調査報告

 第4階層を2時間程調査した俺達は、セーフ・エリアに戻ってから外に出た。

 いや、調査って言っても、セーフ・エリア周辺の海を少し回って、出てきた魔物を倒してただけなんだが。

 本来ならもっと調査を続けたかったんだが、明後日はフロートで会議があるし、クラテル迷宮の調査報告もしなきゃいけないから、残念ながら離脱せざるを得なかった。

 狩った魔物はビッグファング・ホエール以外だとキラー・ホエール、ブレード・フィッシュ、グレートブレード・フィッシュ、シー・ヴァイパー、シー・サーペントぐらいだったな。

 とはいえ第3階層までに狩った魔物がアホみたく多くて、合計すると1,000匹は超えてるんだよ。

 さすがにクラテルだけじゃ捌けないから、ベスティアやフロート、フィールでも売り払うつもりだが、それでも全部は厳しいか。

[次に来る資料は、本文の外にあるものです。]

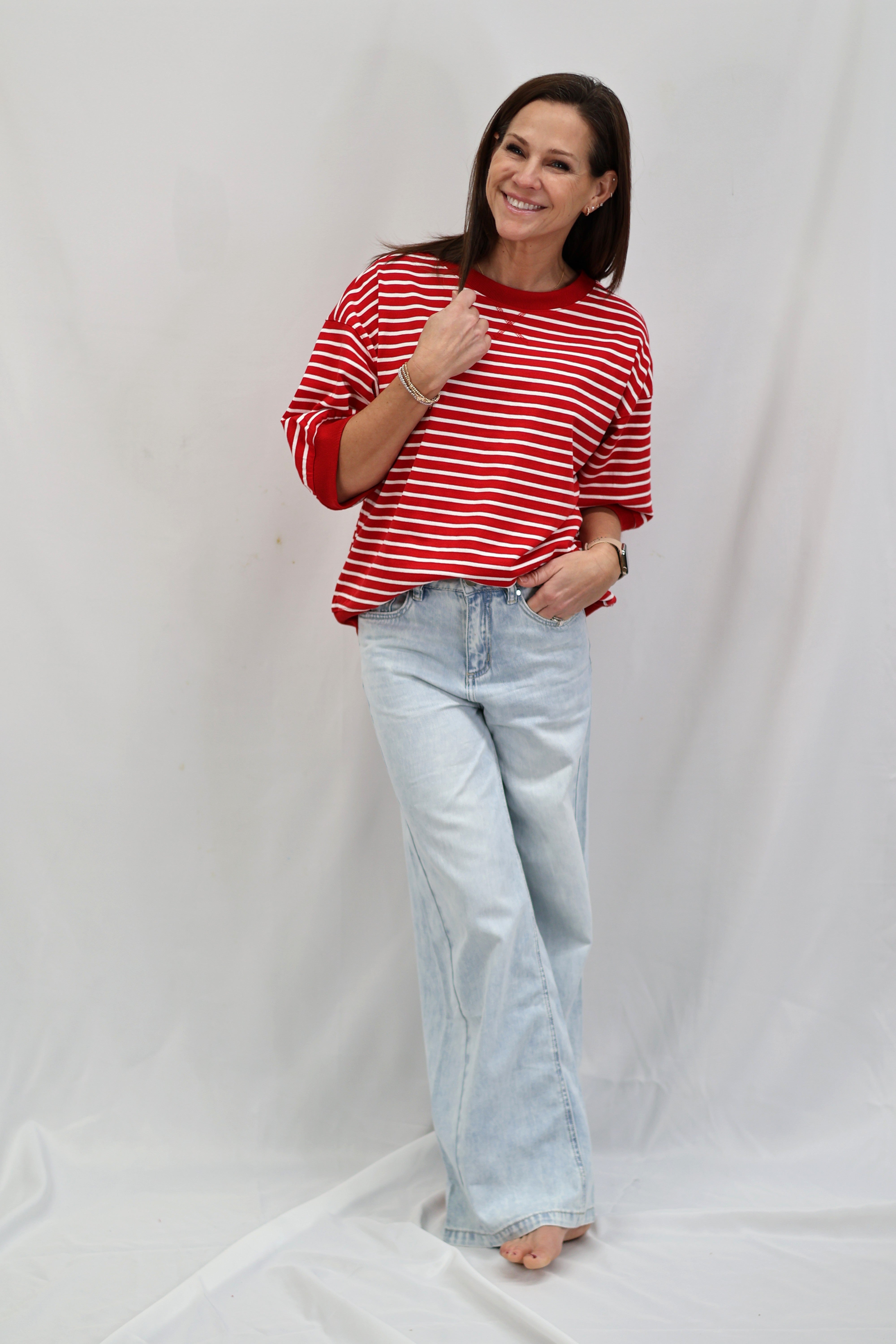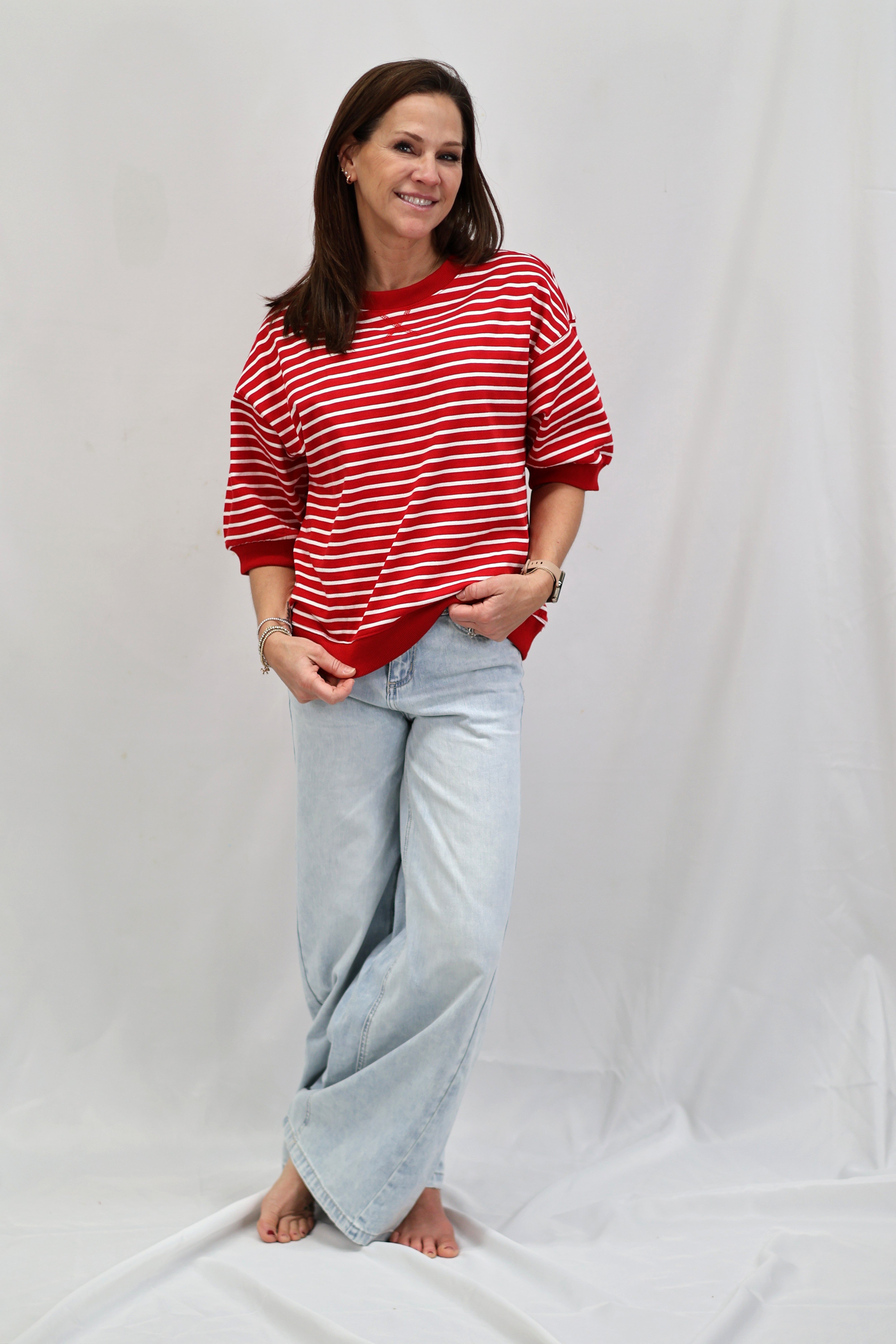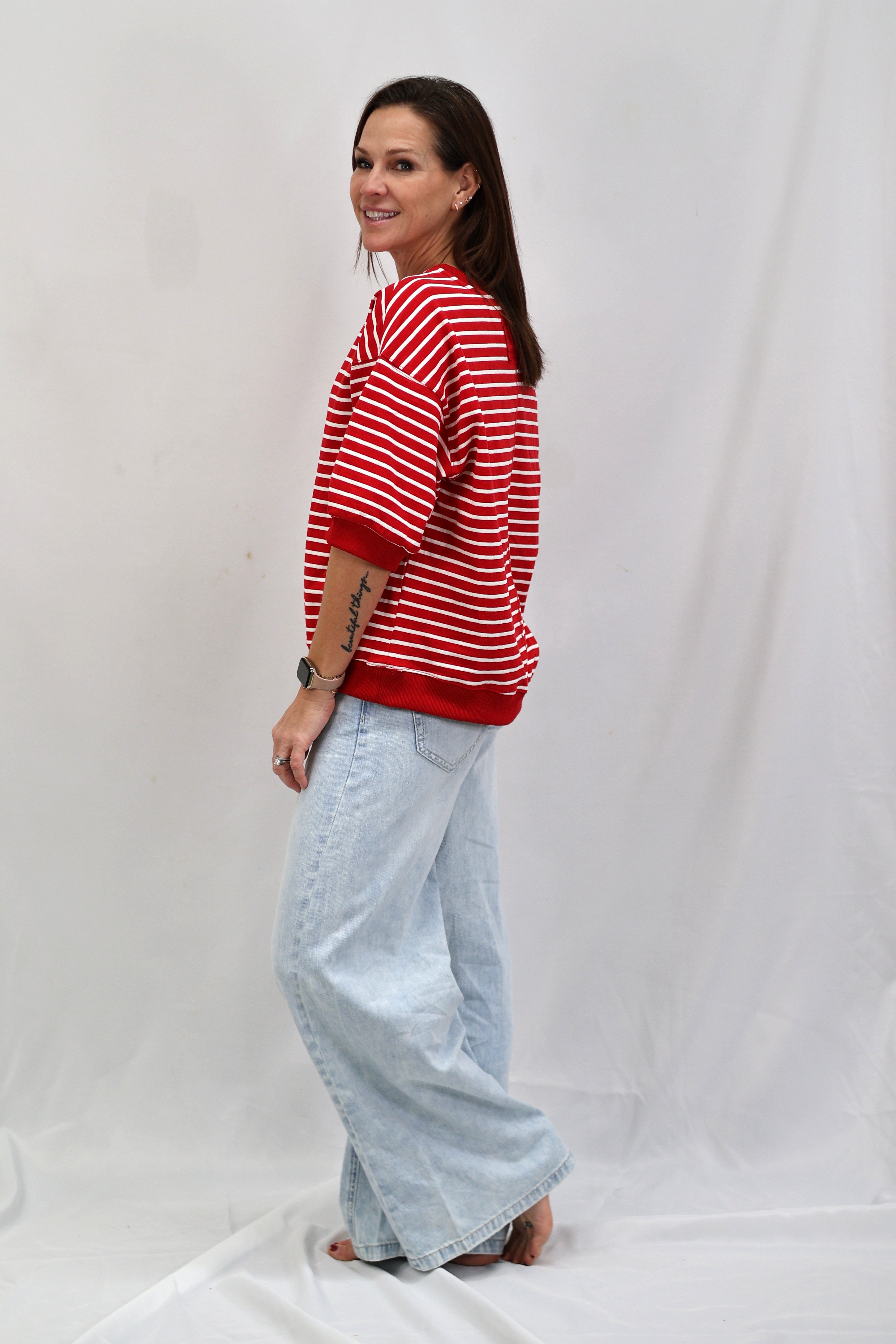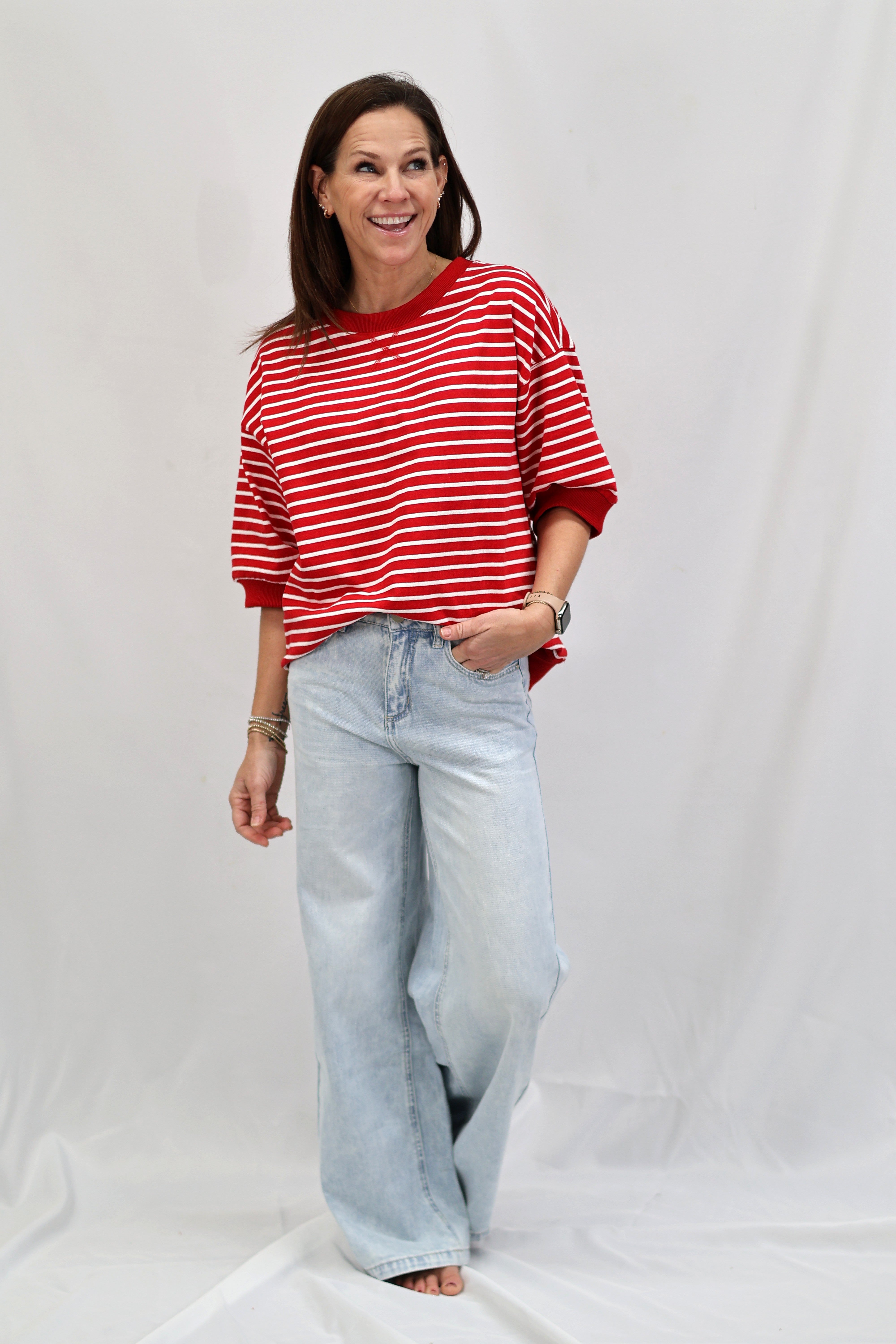 Stripes are having a moment, and this Cape Town Pullover Top is here to prove it. Featuring bold red and white knit stripes, this breezy short-sleeve number has all the charm of a classic with zero fuss. The relaxed round neckline and unlined construction keep things light and comfortable, making it perfect for layering or wearing solo. Whether you're channeling nautical vibes or just want a top that works as hard as you do, this striped essential delivers effortless style.

「総討伐数1,652匹ですね。とんでもない数でした」


 フラムがクエスティングを確認してくれたが、予想よりも1,5倍以上多かった。


「それではクラテルに戻りましょう」

「そうね。報告は早い方が良いし、買い取ってもらう魔物もあるから、あまり時間を掛けたくはないわ」


 そりゃそうだ。

 あと魔物は、予定通りクラテル、ベスティア、フィール、フロートで買い取ってもらうことで話はまとまってるが、ベスティアは明日、フロートは明後日以降と決まった。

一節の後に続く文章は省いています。